I have just started my first project in python. I have a pandas dataframe of cryptocurrency data with four columns "id", "date", "close", and "volume".
I want to calculate the On Balance Volume (OBV) for each group (id) in my dataframe. My goal is to have a new column OBV which contains the OBV for each group.The formuala for OBV is as follows:
If today's close > yesterday's close then: OBV = Yesterday’s OBV + Today’s Volume; If today’s close < than yesterday’s close then: OBV = Yesterday’s OBV – Today’s Volume; If today’s close = to yesterday’s close then: OBV = Yesterday’s OBV
On Balance Volume is calculated by adding the day's volume to a cumulative total when the security's price closes up, and subtracting the day's volume when the security's price closes down.

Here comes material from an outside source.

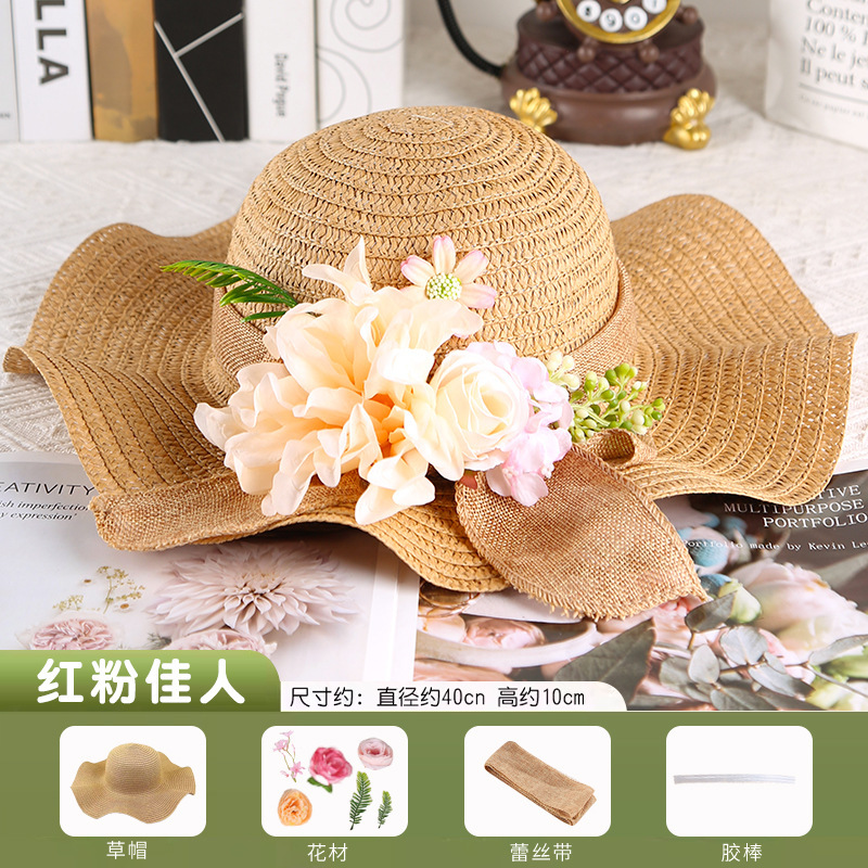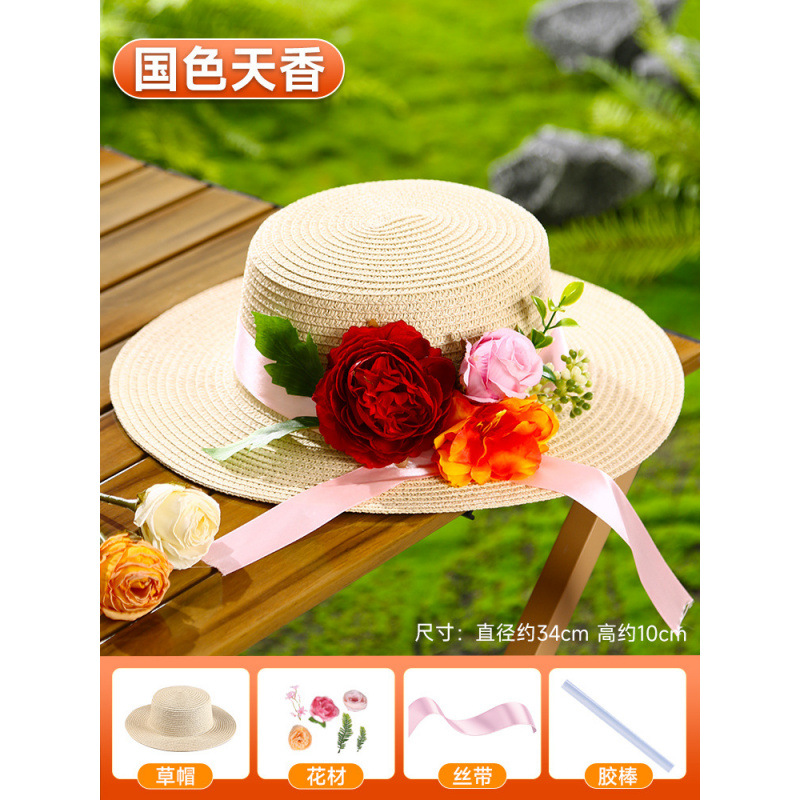 여성의 날 꽃 모자 수제 소재 가방 성인 차양 실크 꽃 장식 프랑스 모자 워밍업 활동스토어 가기

My dataframe df looks like this:
|id |last_updated |close |volume
|-- |------------ |----- |------
|1 |2021-10-08 |0.0113 |134.431757
|1 |2021-10-09 |0.0115 |57.222013
|1 |2021-10-10 |0.0115 |75.848861
|1 |2021-10-11 |0.0120 |77.568503
|1 |2021-10-12 |0.0118 |19.712469
|2 |2021-10-08 |0.1104 | 0.000000
|2 |2021-10-09 |0.1632 | 0.176570
|2 |2021-10-10 |0.1603 | 7.636593
|2 |2021-10-11 |0.1509 |193.415714
|2 |2021-10-12 |0.1046 | 0.000000
Since I have a large dateset of cryptocurrency data, I want to run vectorized computation in order to to express batch operations on data without writing any for loops:
df['OBV']=np.where(df['close'] > df['close'].shift(1), df['volume'], np.where(df['close'] < df['close'].shift(1), -df['volume'], 0)).cumsum()

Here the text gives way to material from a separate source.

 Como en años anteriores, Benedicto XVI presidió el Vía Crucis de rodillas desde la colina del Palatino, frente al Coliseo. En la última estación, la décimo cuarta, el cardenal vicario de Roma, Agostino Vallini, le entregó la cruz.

With this approach, however, I only obtain the correct calculation of OBV for id=1. The calculation of the OBV for id=2 uses the last value of OBV from id=1 instead of restarting excecuting the calculations from the first row of id=2.

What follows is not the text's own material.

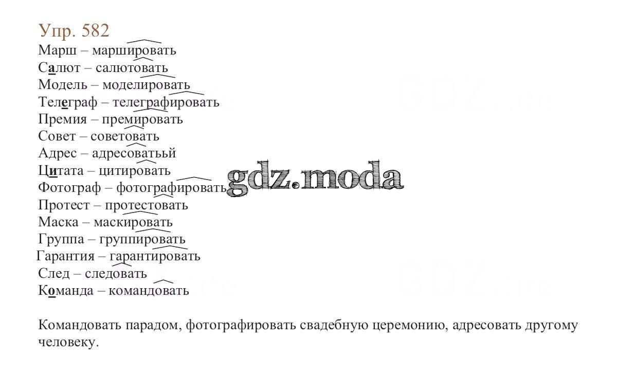 ОТВЕТ на задание № 582 Учебник по Русскому языку 6 класс Баранов

I have also tried the OBV calculation with a loop but I also do not know how to iterate with the loop through each group, that is to excecute the loop within each group.
OBV=[]
OBV.append(0)
#Loop through the data set (close price)
for i in range(1, len(df.close)):
if df.close[i] > df.close[i-1]:
OBV.append(OBV[-1] + df.vol[i])
elif df.close[i] < df.close[i-1]:
OBV.append(OBV[-1] - df.vol[i])
else:
OBV.append(OBV[-1])
df['OBV']=OBV
So how do I obtain a new colum OBV in my dataframe df which contains the OBV within each group?
Any help is very much appreciated. Thank you!